Девушка мялась, смеялась и отнекивалась, но так и стреляла лукавым взором из-под ресниц, так и жгла очами. Уговаривать её долго не пришлось – поскакала, как козочка, в пляс, а взошедшее
– Ты сама – как лекарство от похмелья, – смеялась Ильга, кружась с нею в весёлом танце.

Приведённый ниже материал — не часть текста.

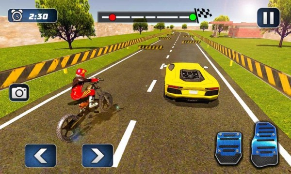 摩托车对决赛车是一款惊险刺激的驾驶竞速游
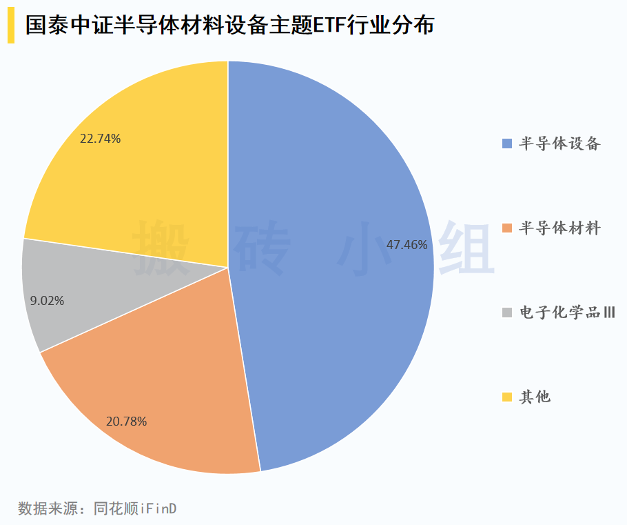 按照申万三级行业分布,半导体设备行业占到了47%,半导体材料加起来也有30%了,剩下的部分虽然属于其他三级行业,但也都是跟半导体产业链相关的。
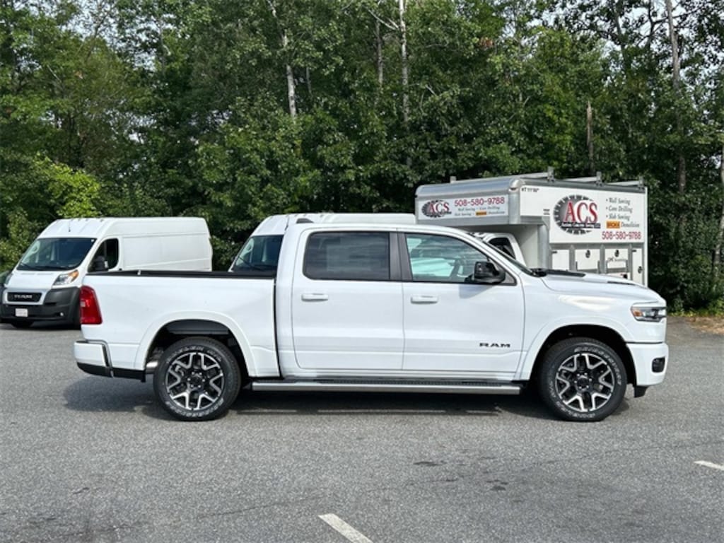 First Chrysler Dodge Jeep is proud to offer this terrific 2026 Ram 1500 Laramie in Bright White Clearcoat Beautifully equipped with Bed Utility Group (Exterior 115V AC Outlet, MOPAR 4 Adjustable Cargo Tie-Down Hooks, and MOPAR Spray In Bedliner), Laramie Level 1 Equipment Group (Rain Sensitive Windshield Wipers and Remote Tailgate Release), Quick Order Package 21H Laramie, Sport Appearance Package (Accent Color Premium Power Mirrors, Auto Power-Folding Mirrors, Auto-Dimming Exterior Driver Mirror, Black Interior Accents, Black Painted Exterior Mirrors Caps, Body Color Front Bumper, Body Color Rear Bumper w/Step Pads, Bridgestone Brand Tires, Convex Wide-Angle Exterior Mirror Insert, Exterior Mirrors Courtesy Lamps, Exterior Mirrors w/Heating Element, Exterior Mirrors w/Memory, Exterior Mirrors w/Supplemental Signals, Grille Surround 3 Body Color Tex 2 Black, RAM Grille Badge - Chrome, and Sport Performance Hood), 10 Speakers, 3.55 Rear Axle Ratio, 4-Wheel Disc Brakes, 4G LTE Wi-Fi Hot Spot, ABS brakes, Active Noise Control System, Air Conditioning, Alloy wheels, AM/FM radio: SiriusXM with 360L, Apple CarPlay/Android Auto, Audio memory, Auto High-beam Headlights, Auto-dimming door mirrors, Auto-dimming Rear-View mirror, Automatic temperature control, Brake assist, Bumpers: chrome, Chrome Exterior Mirrors, Compass, Connected Travel & Traffic Services, Connectivity - US/Canada, Cruise Control, Delay-off headlights, Driver door bin, Driver vanity mirror, Dual front impact airbags, Dual front side impact airbags, Electronic Stability Control, Front anti-roll bar, Front Bucket Seats, Front Center Armrest w/Storage, Front dual zone A/C, Front fog lights, Front License Plate Bracket, Front reading lights, Front wheel independent suspension, Fully automatic headlights, Garage door transmitter, GPS Navigation, Heated door mirrors, Heated front seats, Heated rear seats, Heated steering wheel, Illuminated entry, Integrated Center Stack Radio, Integrated Voice Command w/Bluetooth, Leather steering wheel, Leather Trimmed Bucket Seats, Low tire pressure warning, Manufacturer's Statement of Origin, Memory seat, MOPAR Front & Rear Rubber Floor Mats, Navigation System, Occupant sensing airbag, Off-Road Information Pages, Outside temperature display, Overhead airbag, Overhead console, Panic alarm, ParkView Rear Back-Up Camera, Passenger door bin, Passenger vanity mirror, Power door mirrors, Power driver seat, Power passenger seat, Power steering, Power windows, Radio data system, Radio: Uconnect 5 Nav w/12.0" Display, Rear anti-roll bar, Rear reading lights, Rear seat center armrest, Rear step bumper, Remote keyless entry, Security system, SiriusXM Radio Service, SiriusXM w/360L, Split folding rear seat, Steering wheel mounted audio controls, Tachometer, Telescoping steering wheel, Tilt steering wheel, Traction control, Trip computer, Turn signal indicator mirrors, USB Host Flip, Variably intermittent wipers, Ventilated front seats, Voltmeter, Wheel to Wheel Side Steps, and Wheels: 20" x 9" Premium Paint/Polish!

День проходил в суматошной, пёстрой от цветов, ярких нарядов и ленточек круговерти. Похоже, и сегодня не видать Ильге лады, как своих ушей... Но что это? Никак, знакомый красный кафтан среди девушек показался? И точно: в самой серёдке девичьего хоровода отплясывала Брана. Да что там плясала – наяривала, лихо хлопая себя по коленям, по голенищам щегольских сапог клюквенного цвета, по бёдрам и плечам. Ух, как она извивалась, как выкидывала коленца, притопывала и припрыгивала, как яро трясла плечами, словно ей за шиворот снега насыпалось! Брюшко над её поясом было, кажется, поменьше, чем в прошлый раз – уже достижение. Несколько мгновений Ильга любовалась этим возмутительно-забавным зрелищем, не зная, то ли ей злиться, то ли смеяться, то ли плюнуть и уйти подальше, пока северянка ей всё не испортила... Да ладно, портить уж и нечего: подходили к концу Лаладины гулянья, осталось-то – всего ничего, денёк.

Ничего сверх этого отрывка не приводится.